Pathological effect of infectious bronchitis disease virus on broiler chicken trachea and kidney tissues.

AIM: This study aimed to investigate the pathological effects of the infectious bronchitis virus (IBV) on chicken trachea and kidney tissues and also desired to diagnose the virus genome using a molecular tool.
MATERIALS AND METHODS: Twenty trachea and kidney samples collected from one broiler farm contain 10,000 chickens at Tikrit city. The chickens showed signs of gasping and mortality (20%) at early ages (20 days old), the presence of IBV investigated using conventional reverse transcriptase-polymerase chain reaction technique with routine histopathological study to tracheal and renal tissue.
RESULTS: Postmortem lesion showed severe respiratory inflammation with abscesses at tracheal bifurcation lead to airway blog. Molecular results showed two genotypes of IBV, one of them not included in primer designer research. The histological study showed different stages of inflammation, degeneration, and necrosis to the renal and tracheal tissues.
CONCLUSION: The respiratory and renal pathological effect of the virus responsible for the symptoms appeared on the affected chicks that caused mortality, with a high probability of presence of a new viral genotype added to the untranslated region.
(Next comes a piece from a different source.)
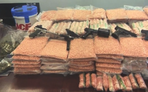 Alrededor de 1.000 pastillas contenían fentanilo. Las autoridades también recuperaron 11 kilogramos de metanfetamina en polvo, 250 gramos de crack, 15.000 dólares en efectivo y siete pistolas, entre ellas dos fantasmas y dos con números de serie borrados.

Copyright: © Hasan, et al.

Introduction

Infectious bronchitis disease one of the viral diseases that affect poultry worldwide, causing economic losses, especially in small ages leading to growth retardation, loss of appetite, and mortality [1]. Chicken and other avian species are considered the natural host of the virus [2]. Infectious bronchitis is an air-born disease transmitted through direct and indirect routes [3]. Infections bronchitis virus (IBV) belongs to the Coronaviridae family is a single positive-sense RNA consist of about 27 Kb encoding to four structural proteins named nucleocapsid (N), membrane (M), envelope (E), and spike (S) proteins [4]. The disease has many pathological effects on vital organs that lead to low egg production and quality; the virus also causing renal damage and is considered a predisposing factor for respiratory bacterial infection specially airsacculitis [5]. Vaccination failure against IBV frequently occurs due to the genetic material evolution of the virus [6]. Many serotypes were identified including Massachusetts (Mass)-type [7] and QX genotype strains [8]. Genotypes and variants added a huge data impact on the genetic diversity of IBV [9]. Lack of cross-protection between IBV genotypes and emerging of new genotypes was always a problem in controlling and preventing the disease [5,10,11]. Several methods used for diagnosis of IBV, including the reverse transcriptase-polymerase chain reaction (RT-PCR) which consider a useful tool in comparing with serological methods [12].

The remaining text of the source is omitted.